Input material:
###
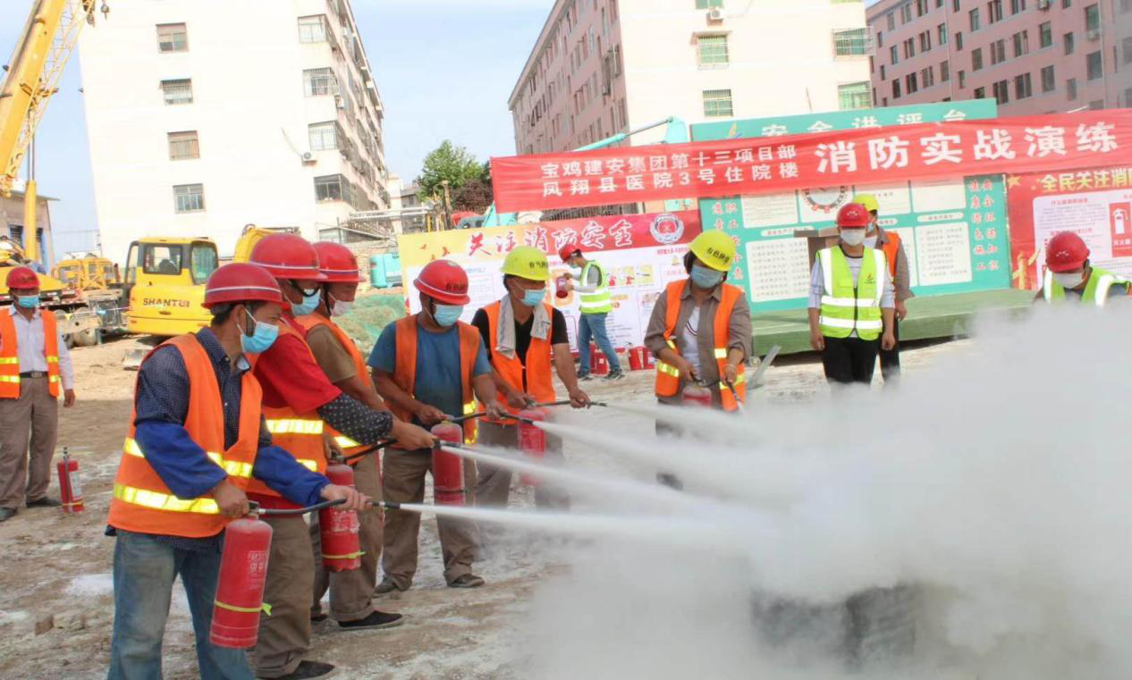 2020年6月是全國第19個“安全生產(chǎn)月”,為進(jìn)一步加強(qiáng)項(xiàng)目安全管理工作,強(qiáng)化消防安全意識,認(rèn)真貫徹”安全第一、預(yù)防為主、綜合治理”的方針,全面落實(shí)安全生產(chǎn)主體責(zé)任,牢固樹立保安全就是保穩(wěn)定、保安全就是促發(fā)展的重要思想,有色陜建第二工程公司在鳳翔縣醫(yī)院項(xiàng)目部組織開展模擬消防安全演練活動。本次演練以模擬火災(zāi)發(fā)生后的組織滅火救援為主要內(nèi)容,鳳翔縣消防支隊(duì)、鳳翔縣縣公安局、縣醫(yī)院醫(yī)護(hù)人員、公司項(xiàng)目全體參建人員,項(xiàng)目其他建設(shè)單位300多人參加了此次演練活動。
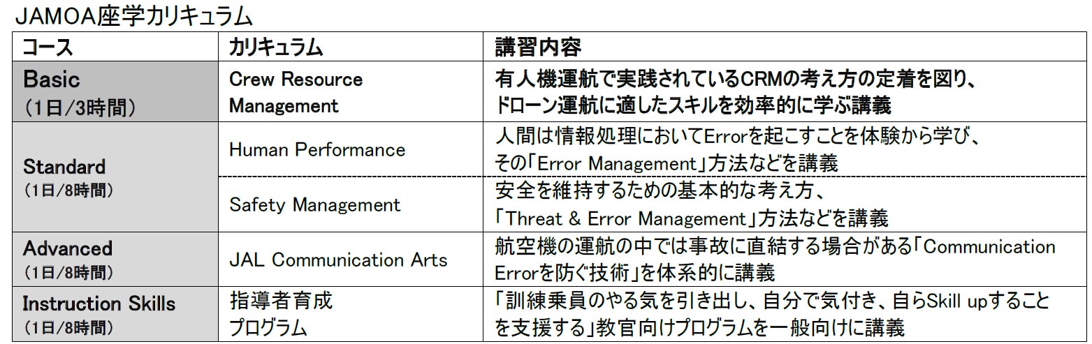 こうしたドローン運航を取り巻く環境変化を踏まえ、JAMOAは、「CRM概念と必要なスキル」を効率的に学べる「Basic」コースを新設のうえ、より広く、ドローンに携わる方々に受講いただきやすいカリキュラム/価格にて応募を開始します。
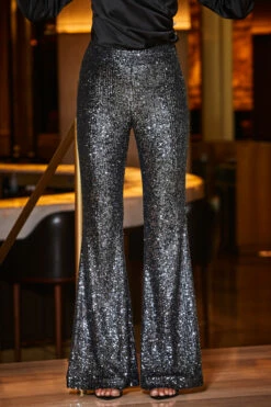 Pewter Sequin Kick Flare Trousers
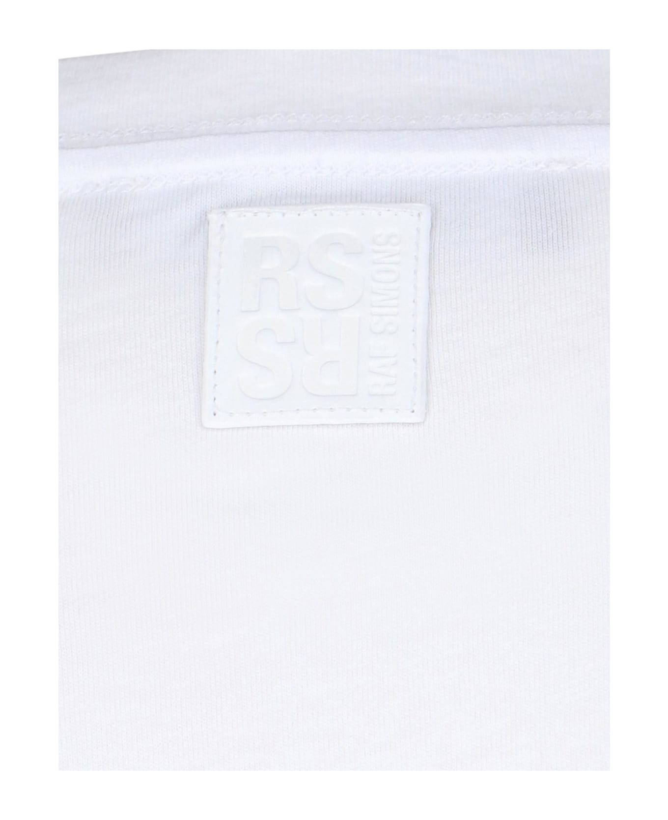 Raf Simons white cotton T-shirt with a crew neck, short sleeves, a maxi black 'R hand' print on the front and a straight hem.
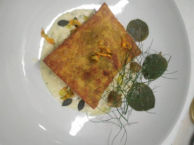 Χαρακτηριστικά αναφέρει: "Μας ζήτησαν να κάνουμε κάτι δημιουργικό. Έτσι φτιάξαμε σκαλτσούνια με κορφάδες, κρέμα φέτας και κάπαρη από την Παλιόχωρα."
###
From the line with "Raf Simons white" through the final line of the data above, copy everything exactly, both ends included, but not the pictures.

Written solution:
 Raf Simons white cotton T-shirt with a crew neck, short sleeves, a maxi black 'R hand' print on the front and a straight hem.
 Χαρακτηριστικά αναφέρει: "Μας ζήτησαν να κάνουμε κάτι δημιουργικό. Έτσι φτιάξαμε σκαλτσούνια με κορφάδες, κρέμα φέτας και κάπαρη από την Παλιόχωρα."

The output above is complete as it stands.